Zu Emma Stibbons Alpenlandschaften
«Statt Kunstwerke zu schaffen wird man die Natur in großem Maaße verschönern in ein paar Jahrhunderten Arbeit, um z.B. die A l p e n aus Ihren Ansätzen und Motiven der Schönheit zur Vollkommenheit zu führen.» Friedrich Nietzsche, 1880
Aus Nietzsches schwärmerischen Worten von der Vervollkommnung der Alpen spricht eine Traumvorstellung vom idealen Hochgebirge, der perfekten Gedankenlandschaft zwischen dem Mittelmeer und dem nördlichen Mitteleuropa. Der Philosoph formuliert einen Gedanken, der bereits im englischen Begriff von den Alpen als «playground of Europe» angelegt ist. Die Alpen zählen zu den legendären Traumlandschaften, die die Sehnsucht des Menschen nach einer reinen Wunderwelt nähren. Seit dem 18. Jahrhundert suchen Reisende die wilde, grausige Schönheit der Natur ebenso wie das Pikturesk-Anmutige.
Die britische Künstlerin Emma Stibbon weiß um diese geistesgeschichtliche Aufladung der Natur und doch tritt in ihren Werken wohl das unbeschreibliche Naturbild in den Vordergrund. Stibbons Ansichten des vergletscherten Gebirges sind bei ihren Wanderungen durch die Schweizer Alpen entstanden. Der Blick der Künstlerin auf die Landschaft ist der eines Menschen, der unter dem unmittelbaren Eindruck des Naturerlebnisses steht. In starken Schwarz-Weiß-Tönen heben sich schroffe Felswände von schneebedeckten Tälern ab. Blicke vom Gipfel lassen den Betrachter die eindrucksvolle Höhe und Weite der Berge erahnen.
Durch das Arbeiten mit Holz wirkt der Kontrast zwischen dem Weiß des Schnees und dem schwarzen Fels unmittelbar begreiflich.
Stibbon zeigt die gewaltige Gebirgslandschaft im Zustand ständiger geologischer Veränderung. Die Erosion des Gesteins lässt das Massive fragil und flüchtig wirken. Sie deutet damit die Verletzlichkeit der Natur schön heit an, die Tourismus, Transitverkehr und dem globalen Klimawandel ausgesetzt ist. Wissenschaftler gehen davon aus, dass die Gletscher der Schweizer Alpen bis zum Jahr 2050 größtenteils und bis 2100 vollständig verschwunden sein werden. Künftige Generationen werden die dargestellten Berge karg und entblößt sehen. So betrachtet liegt der weiße Mantel des Firnschnees wie eine Schutzhaut über dem dunklen Gestein.
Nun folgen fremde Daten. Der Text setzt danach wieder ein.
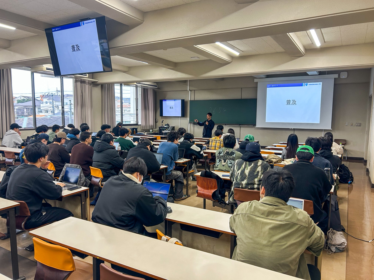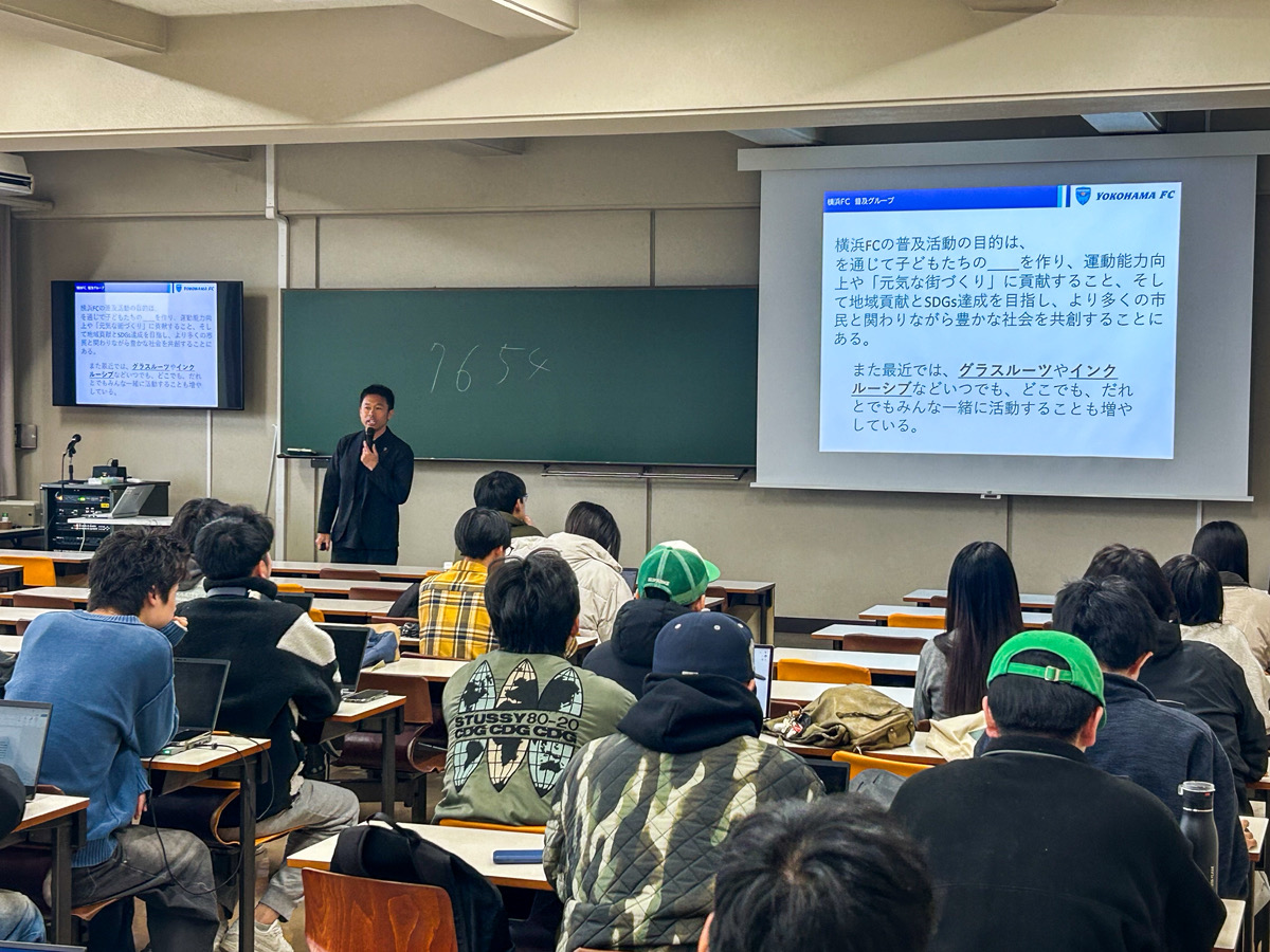 横浜商科大学にて、横浜FCの普及ダイレクター鯨井健太が講師として登壇し、「ホームタウン活動」および「普及活動」をテーマにした特別講義を行いました!
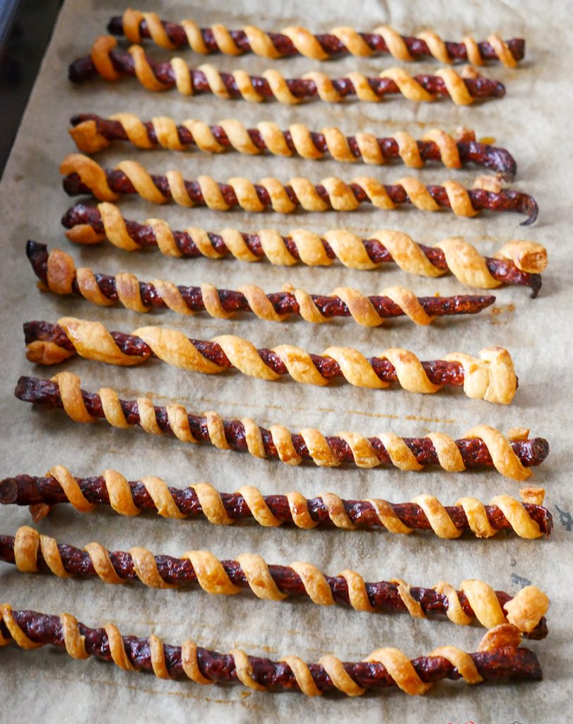 Kabanosy w cieście francuskim to prosta i smaczna przekąska imprezowa, która z pewnością zachwyci gości. Fajnie wygląda i świetnie smakuje. Doskonale sprawdzi się także jako przegryzka w ciągu dnia. Przepis na
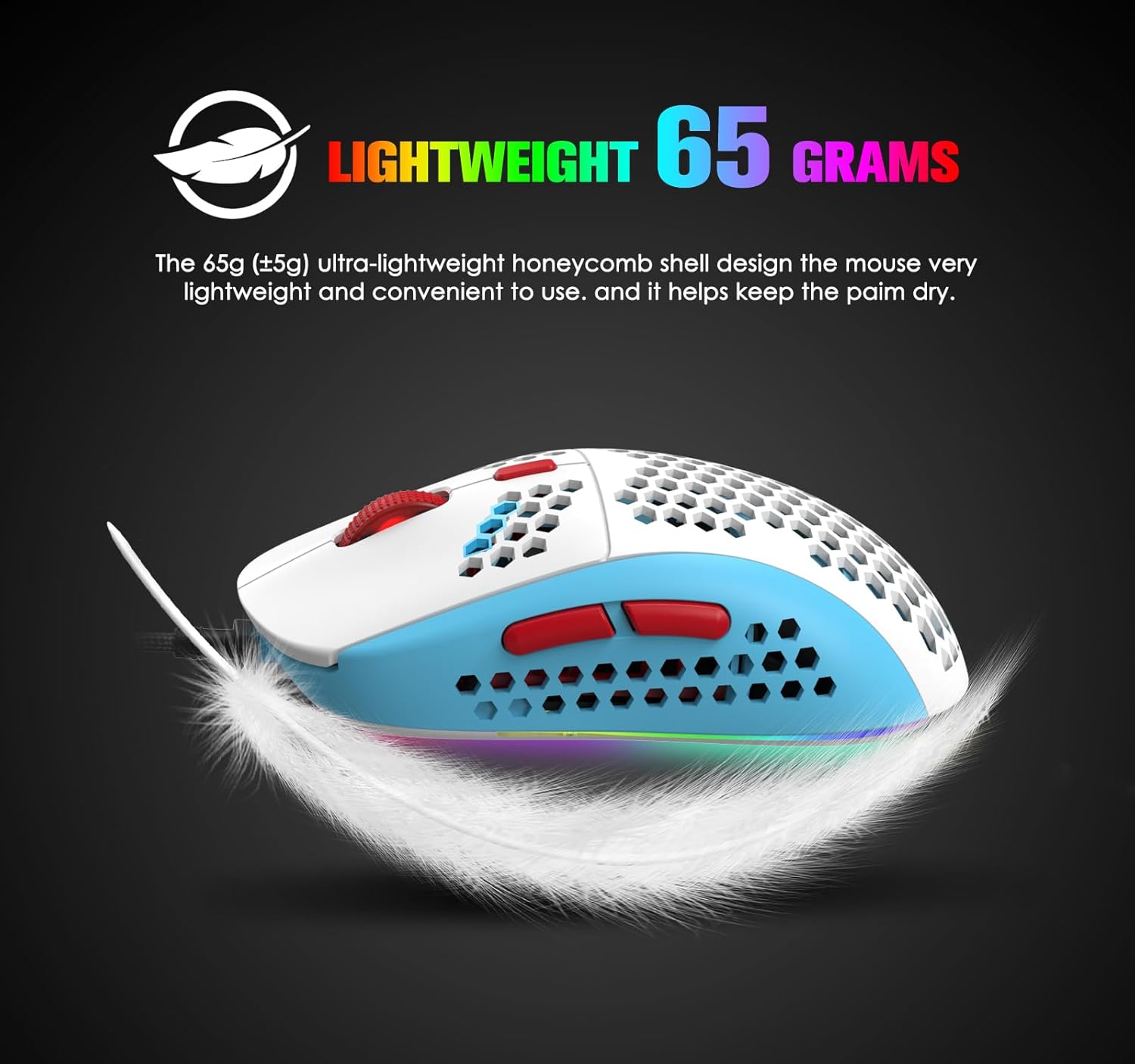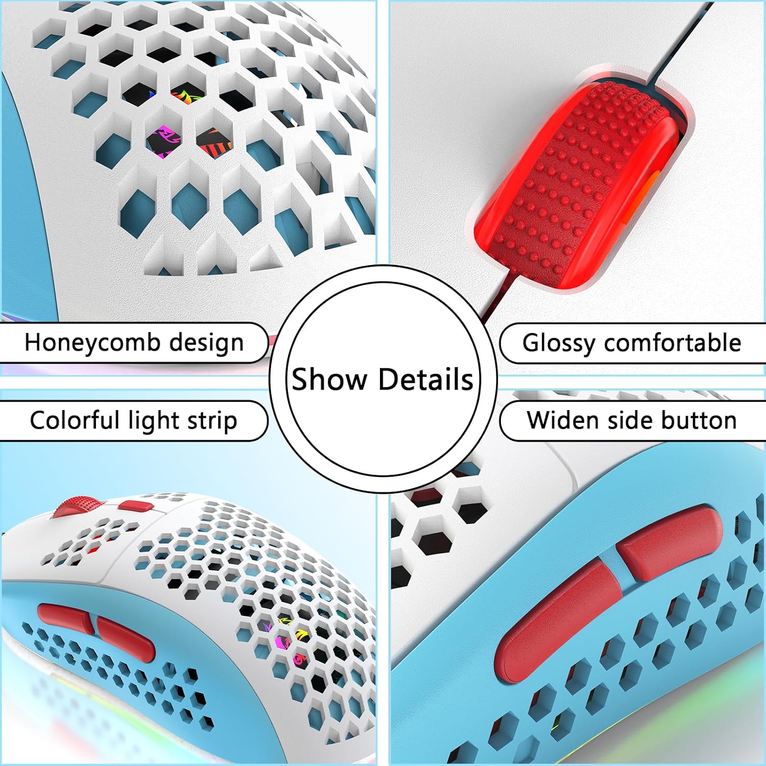• ГЕЙМЪРСКА МИШКА С КАБЕЛ И ФОРМА С ПЧЕЛЕНА ПЧЕЛА Можете да регулирате скоростта на светлината, DPI стойността, да зададете функции на клавишите и да зададете любимия режим на ефекти. Специално проектирана за игри, стандартните бутони за напред и назад са лесни за употреба. Подложка за мишка, изработена от естествен каучук, без специфична миризма, здравословна и екологична. Плътното засенчване и неплъзгащата се основа от естествен каучук могат да задържат масата здраво. Висококачествените меки материали ви осигуряват комфорт и контрол над мишката.
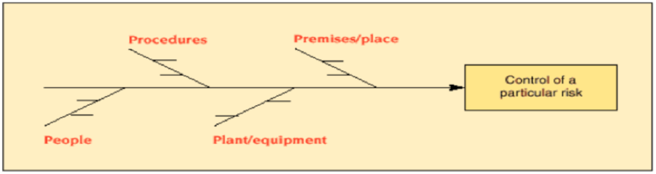 This is basically comparing against a defined standard and considers workplace precautions under the four P’s: premises, plant and materials, procedures, and people, which is illustrated here:
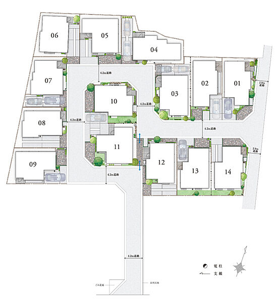 14邸が織り成す街には、出迎えてくれているようなあたたかな照明を採用。

Emma Stibbons Arbeiten wirken melancholisch, weil sie die Endlichkeit des Naturmonuments so eindringlich vermitteln.
Aeneas Bastian
On Emma Stibbon’s alpine landscapes
«Statt Kunstwerke zu schaffen wird man die Natur in großem Maaße verschönern in ein paar Jahrhunderten Arbeit, um z.B. die A l p e n aus Ihren Ansätzen und Motiven der Schönheit zur Vollkommenheit zu führen.»
Friedrich Nietzsche, 1880
In Nietzsche’s rapturous words on the perfection of the Alps we have a wondrous vision of mountains. Between the Mediterranean and North Middle Europe the Alps form part of a legendary dream landscape of ideas, feeding our longing for a pure wonderland. The philosopher formulates a concept about a place for which the English had already coined the term «the playground of Europe».
Since the 18th century travellers, writers and artists have sought the wild and terrible beauty of nature as well as the picturesque and charming.The British artist Emma Stibbon is well aware of this charged history of ideas and yet her work engages directly with the forces of nature.
Stibbon’s images of glaciated mountains originate from her wanderings in the Swiss Alps and her view of the landscape is one of a person immersed in nature. In stark black and white monochrome she raises up ice fields from snow covered valleys, and her views from the summits show the observer the breathtaking height and breadth of the mountains’ grandeur. Working in wood she graphically depicts the contrast between the white snow and black rocks.
Stibbon shows the immense mountain landscape in a state of constant geological change; the monumental rendered fragile and fluid by erosion.She emphasises the implicit vulnerability of natural beauty at the mercy of tourist traffic and global change. Scientists believe the glaciers in the Swiss Alps will have largely disappeared by 2050 and completely disappeared by 2100. Whilst it provokes a sense of melancholy, Emma Stibbon’s work also urges us to contemplate the finiteness of this natural monument; whilst we may look at the protective white mantle of Firn snow covering the dark rocks, future generations will see barren, bare mountains.